The other interesting part is the actual physical SQL sent to the non-driving table, which looks like this:

-------------------- Sending query to database named ora11g (id: <<9984>>):

select T6826.PROD_ID as c2,
     sum(T6826.QUANTITY_SOLD) as c3
from
     SH_COPY.SALES_BIG T6826
where  ( T6826.PROD_ID in (:PARAM1, :PARAM2, :PARAM3, :PARAM4, :PARAM5, :PARAM6, :PARAM7, :PARAM8, :PARAM9, :PARAM10, :PARAM11, :PARAM12, :PARAM13, :PARAM14, :PARAM15, :PARAM16, :PARAM17, :PARAM18, :PARAM19, :PARAM20) )
group by T6826.PROD_ID
order by c2

+++Administrator:2a0000:2a0004:----2008/10/02 15:39:08
So in this case, the driving table feature will initially run the query against the smaller (dimension) table and return the rows specified by the filter on the query. Then, in batches of twenty, individual selects will be made against the larger, non-driving table, until all the interested rows are returned. These will then be joined in memory in the BI Server and the results returned to the dashboard, in theory faster than if we'd tried to load both tables into the BI Server memory and join them both there.

So now, to take this one step further, what does the query log file look like if we run the Aggregate Persistence Wizard on this data set, generate and aggregate at the PROD_SUBCATEGORY_DESC, plug the aggregates into the logical model and then run a query? Where (if anywhere) does aggregate navigation future in the logical execution plan and query steps?

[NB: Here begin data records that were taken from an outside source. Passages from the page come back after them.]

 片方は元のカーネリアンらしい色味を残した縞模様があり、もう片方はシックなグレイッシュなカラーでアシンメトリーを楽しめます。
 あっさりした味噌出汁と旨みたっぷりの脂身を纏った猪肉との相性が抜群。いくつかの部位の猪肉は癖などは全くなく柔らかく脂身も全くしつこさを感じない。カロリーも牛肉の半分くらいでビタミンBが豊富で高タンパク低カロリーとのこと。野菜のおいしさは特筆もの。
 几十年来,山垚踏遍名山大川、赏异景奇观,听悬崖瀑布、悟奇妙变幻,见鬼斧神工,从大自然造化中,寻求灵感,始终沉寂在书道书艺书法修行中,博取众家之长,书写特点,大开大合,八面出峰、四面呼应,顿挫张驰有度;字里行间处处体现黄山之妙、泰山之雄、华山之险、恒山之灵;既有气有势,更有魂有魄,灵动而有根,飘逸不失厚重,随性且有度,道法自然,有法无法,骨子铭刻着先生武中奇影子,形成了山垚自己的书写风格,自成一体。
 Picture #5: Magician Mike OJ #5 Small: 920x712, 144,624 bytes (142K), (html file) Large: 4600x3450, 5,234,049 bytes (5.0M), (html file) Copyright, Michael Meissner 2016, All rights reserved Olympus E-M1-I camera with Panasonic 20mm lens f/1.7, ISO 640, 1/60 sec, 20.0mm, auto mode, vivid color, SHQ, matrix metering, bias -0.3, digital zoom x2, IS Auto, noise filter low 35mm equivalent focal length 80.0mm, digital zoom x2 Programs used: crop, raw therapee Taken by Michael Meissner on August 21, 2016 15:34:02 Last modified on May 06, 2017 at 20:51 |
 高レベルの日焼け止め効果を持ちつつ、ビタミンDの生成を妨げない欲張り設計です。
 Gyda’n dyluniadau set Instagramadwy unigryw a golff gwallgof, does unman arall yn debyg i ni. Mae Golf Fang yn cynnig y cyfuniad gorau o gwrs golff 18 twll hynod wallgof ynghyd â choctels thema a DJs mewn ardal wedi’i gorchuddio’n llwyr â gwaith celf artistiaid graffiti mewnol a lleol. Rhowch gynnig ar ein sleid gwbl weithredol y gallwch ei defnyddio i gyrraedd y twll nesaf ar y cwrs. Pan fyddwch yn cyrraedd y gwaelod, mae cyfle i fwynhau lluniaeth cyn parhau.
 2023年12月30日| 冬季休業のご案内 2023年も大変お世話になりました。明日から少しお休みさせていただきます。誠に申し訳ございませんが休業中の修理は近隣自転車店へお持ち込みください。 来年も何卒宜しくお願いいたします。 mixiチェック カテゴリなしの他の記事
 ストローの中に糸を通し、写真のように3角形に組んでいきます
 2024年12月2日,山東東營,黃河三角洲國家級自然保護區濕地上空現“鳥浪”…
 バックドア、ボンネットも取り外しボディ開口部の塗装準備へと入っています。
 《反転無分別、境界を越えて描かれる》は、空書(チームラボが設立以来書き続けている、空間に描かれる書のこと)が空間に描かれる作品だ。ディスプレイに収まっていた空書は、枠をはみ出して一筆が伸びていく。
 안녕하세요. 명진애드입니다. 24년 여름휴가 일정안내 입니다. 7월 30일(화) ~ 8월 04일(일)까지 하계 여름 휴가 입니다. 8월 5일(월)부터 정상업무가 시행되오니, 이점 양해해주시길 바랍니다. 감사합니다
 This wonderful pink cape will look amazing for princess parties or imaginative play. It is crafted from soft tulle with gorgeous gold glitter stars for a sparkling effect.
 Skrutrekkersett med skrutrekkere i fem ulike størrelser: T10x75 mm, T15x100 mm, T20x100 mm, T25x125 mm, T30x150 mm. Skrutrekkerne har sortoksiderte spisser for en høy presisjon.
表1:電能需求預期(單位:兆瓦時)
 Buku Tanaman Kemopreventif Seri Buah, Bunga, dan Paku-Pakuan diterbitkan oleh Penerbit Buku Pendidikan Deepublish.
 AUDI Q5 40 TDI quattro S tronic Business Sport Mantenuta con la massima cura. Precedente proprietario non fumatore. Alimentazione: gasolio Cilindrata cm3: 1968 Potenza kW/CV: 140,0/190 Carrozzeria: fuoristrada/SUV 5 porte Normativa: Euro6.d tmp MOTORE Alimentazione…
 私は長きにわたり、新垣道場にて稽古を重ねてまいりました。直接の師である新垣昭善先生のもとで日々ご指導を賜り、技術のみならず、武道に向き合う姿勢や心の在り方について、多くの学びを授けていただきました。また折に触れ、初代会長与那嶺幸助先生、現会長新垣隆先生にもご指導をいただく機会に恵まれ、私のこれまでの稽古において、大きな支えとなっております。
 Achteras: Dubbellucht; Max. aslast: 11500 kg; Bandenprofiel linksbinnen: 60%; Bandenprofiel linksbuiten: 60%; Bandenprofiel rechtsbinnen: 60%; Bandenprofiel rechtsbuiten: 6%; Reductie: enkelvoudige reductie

Well, after running the wizard and registering the aggregates, I run the query again and here's the output:

-------------------- Execution plan:

RqBreakFilter <<10079>>[2] [for database 0:0,0]
    RqList <<10037>> [for database 3023:2350:ora11g,44]
        ag_SALES_BIG_LOCAL.QUANTITY_S0001562C as c1 GB [for database 3023:2350,44],
        SA_Subcate0001593D.PROD_SUBCA0001561B as c2 GB [for database 3023:2350,44]
    Child Nodes (RqJoinSpec): <<10067>> [for database 3023:2350:ora11g,44]
        SA_Subcate0001593D T7688
        ag_SALES_BIG_LOCAL T7695
    DetailFilter: SA_Subcate0001593D.PROD_SUBCA0001561B = ag_SALES_BIG_LOCAL.PROD_SUBCA0001561B [for database 0:0]
    OrderBy: c2 asc [for database 3023:2350,44]

+++Administrator:2a0000:2a0005:----2008/10/02 16:46:18

-------------------- Sending query to database named ora11g (id: <<10037>>):

select distinct T7695.QUANTITY_S0001562C as c1,
     T7688.PROD_SUBCA0001561B as c2
from
     SH_COPY.SA_Subcate0001593D T7688,
     SH_COPY.ag_SALES_BIG_LOCAL T7695
where  ( T7688.PROD_SUBCA0001561B = T7695.PROD_SUBCA0001561B )
order by c2
So, you can see the aggregate table being used, but there's nothing in the log to say that aggregates were considered, the query is just generated against the logical table source that returns the smallest amount of rows.

Anyway, that's a quick trip around the query log file, with a short diversion into driving tables and aggregates. Of course the $64,000 questions is "what do you do with the log file, in particular the knowledge of the various query execution steps", and in reality if you're getting to the point where federated queries are running slowly, your most obvious and productive means of sorting this out is to physically integrate your data into a single data mart or data warehouse rather than mucking around trying to decipher undocumented log files. Still, if you're stuck with a federated query or just interested in how the internals work, it's an interesting set of diagnostics you can generate, I'll certainly be blogging more on this over time and if you've got anything to add, just let me know in the article comments.